The Grapes of Wrath chronology
| The Grapes of Wrath (1984) | September Bowl of Green (1985) | Treehouse (1987) |

= September Bowl of Green =

September Bowl of Green is an album by the Canadian band the Grapes of Wrath, released in 1985. The initial vinyl pressing of the album included a cover version of the Beatles song "If I Needed Someone"; it was left off of subsequent pressings. All of the songs were composed by Tom Hooper/Kevin Kane/Chris Hooper.
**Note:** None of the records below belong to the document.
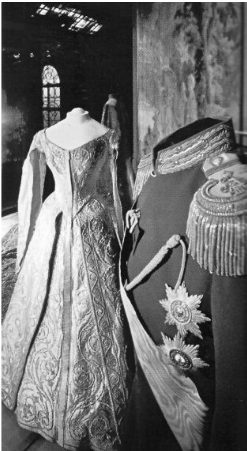
Коронационные платье Александры Федоровны и мундир Николая II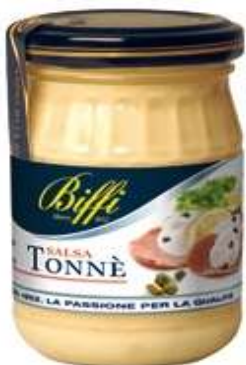
T0404 - TONNE' GR 136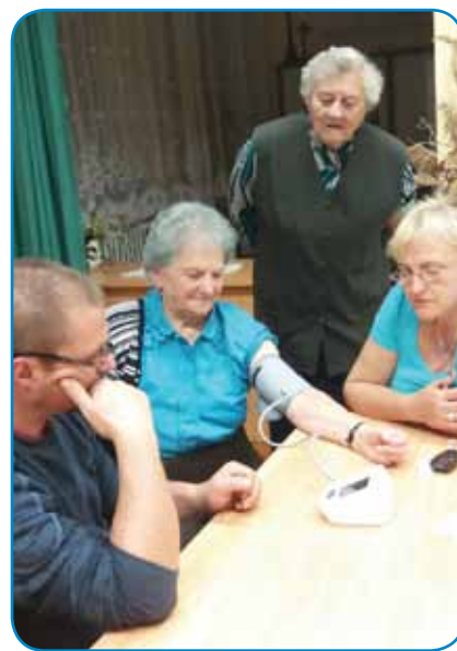
Če je stoj prosjo, so ma sodelavci Zdravstvenoga doma v Monoštri zmerili krvni tlak

slovenske samouprave. Posebe so mislili na tiste, ki so tau leto imeli okrogli rojstni den, sedemdesetoga, petinsedemdesetoga, osemdesetoga oz. na najstarejšo osebo v vesi. Nji so pozdravili z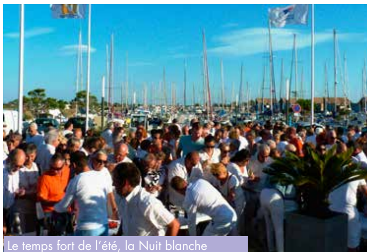
Le temps fort de l'été, la Nuit blanche du Pavillon bleu.

Cette année encore et pour la 7 ème fois consécutive, le port s'est vu attribuer le label européen Pavillon bleu , pour ses efforts en matière environnementale : la prévention des pollutions, le traitement des déchets, la distribution de produits écologiques aux plaisanciers pour leurs bateaux.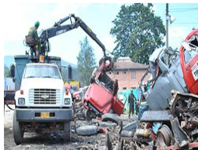
EL NUEVO SIGLO/ MARZO 18 DE 2014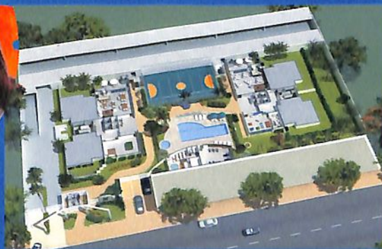
4.681m 2 de área total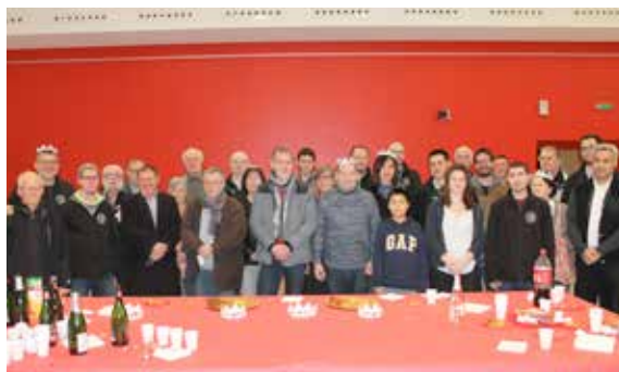
la cible dévilloise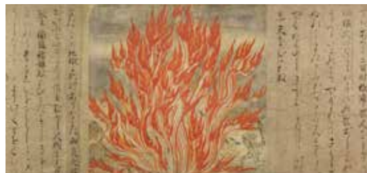
上:東洲斎写楽《市川蝦蔵の竹村定之進》江戸時代 寛政6(1794)年 重要文化財 下:《地獄草紙》平安時代(12世紀) 国宝

東京国立博物館の所蔵品の中より、 縄文時代から江戸時代まで、各時代 の名品を一堂に紹介します。縄文土 器や埴輪から、江戸時代の若冲や北 斎まで、日本美術の流れを、国宝や 国指定の重要文化財などをまじえた 貴重な作品でとどります。日本の芸 術、文化に通底する特質や、美意識 をふり返るとともに、本展がこれか らの文化継承とさらなる発展につい て考える契機となることを願い、開 催いたします。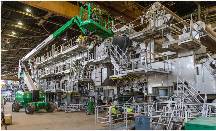
Installation de Bear Island. Photo : Cascades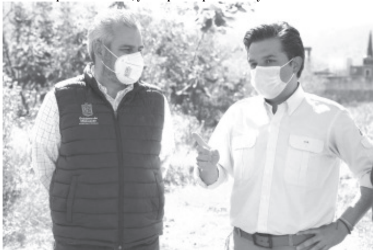
Dicha derrama económica se deberá principalmente por la compra de productos, servicios e impuestos locales, los cuales se ingresarán directamente al estado.

-Por impuestos locales, y compra de productos y servicios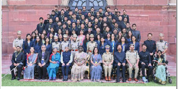
કલમ, ભારતીય રેલવેના પ્રોબેશનરી અધિકારીઓ અને સેન્ટ્રલ એન્જિનિયરિંગ સર્વિસ (રોડ્સ) ના આસિસ્ટન્ટ એક્ઝિક્યુટિવ એન્જિનિયરો (૨૦૨૧, ૨૦૨૨, ૨૦૨૩ અને ૨૦૨૪ બેચ) આજે (૨૦ એપ્રિલ, ૨૦૨૬) રાષ્ટ્રપતિ ભવન ખાતે ભારતના રાષ્ટ્રપતિ શ્રી મોદી સાથે મુલાકાત કરી. આ અવકાશમાં રાષ્ટ્રપતિએ કહ્યું કે તેઓ ભારતની વિકાસશીલના એક મહત્વપૂર્ણ તબક્કે જાહેર સેવામાં જોડાયા છે. રાષ્ટ્ર વિસ્તરિત ભારત બનાવવાના સમૂહિક કાર્યક્રમ સાથે આગળ વધી રહ્યું છે. ભારતીય રેલવે અને સેન્ટ્રલ એન્જિનિયરિંગ સર્વિસ (રોડ્સ) ના યુવા અધિકારીઓ તરીકે, તેઓ એવી ભૂમિકાઓમાં પ્રવેશ કરી રહ્યાં છે જે લાખો નાગરિકોના જીવન પર સીધી અસર કરે છે. તેમણે ભારતના વિકાસ પર સીધી અને ક્યમી અસર કરશે. રાષ્ટ્રપતિએ કહ્યું કે માળખાગત સુવિધાઓ અને પાયાં જે જોના પર આધુનિક રાષ્ટ્રોને નિર્માણમાં રહેલ અને હાલથી કેન્દ્ર પરિહરના નિયામકો નથી. તે આર્થિક વિસ્તરણ, સામાજિક સમાવેશ અને રાષ્ટ્રીય એકીકરણના વાહન છે, જેમને

Tom Cochrane remixed some of the tracks.

==Critical reception==

The Advocate opined that "the predominant use of acoustic guitar with electric instruments is nothing new, but the Grapes of Wrath maintains a warm sound without ever once sounding wimpy." The Daily Breeze called the album "an uneven but often captivating collection of delicate folk-rock, with lots of strumming acoustic guitars and some winning melodies."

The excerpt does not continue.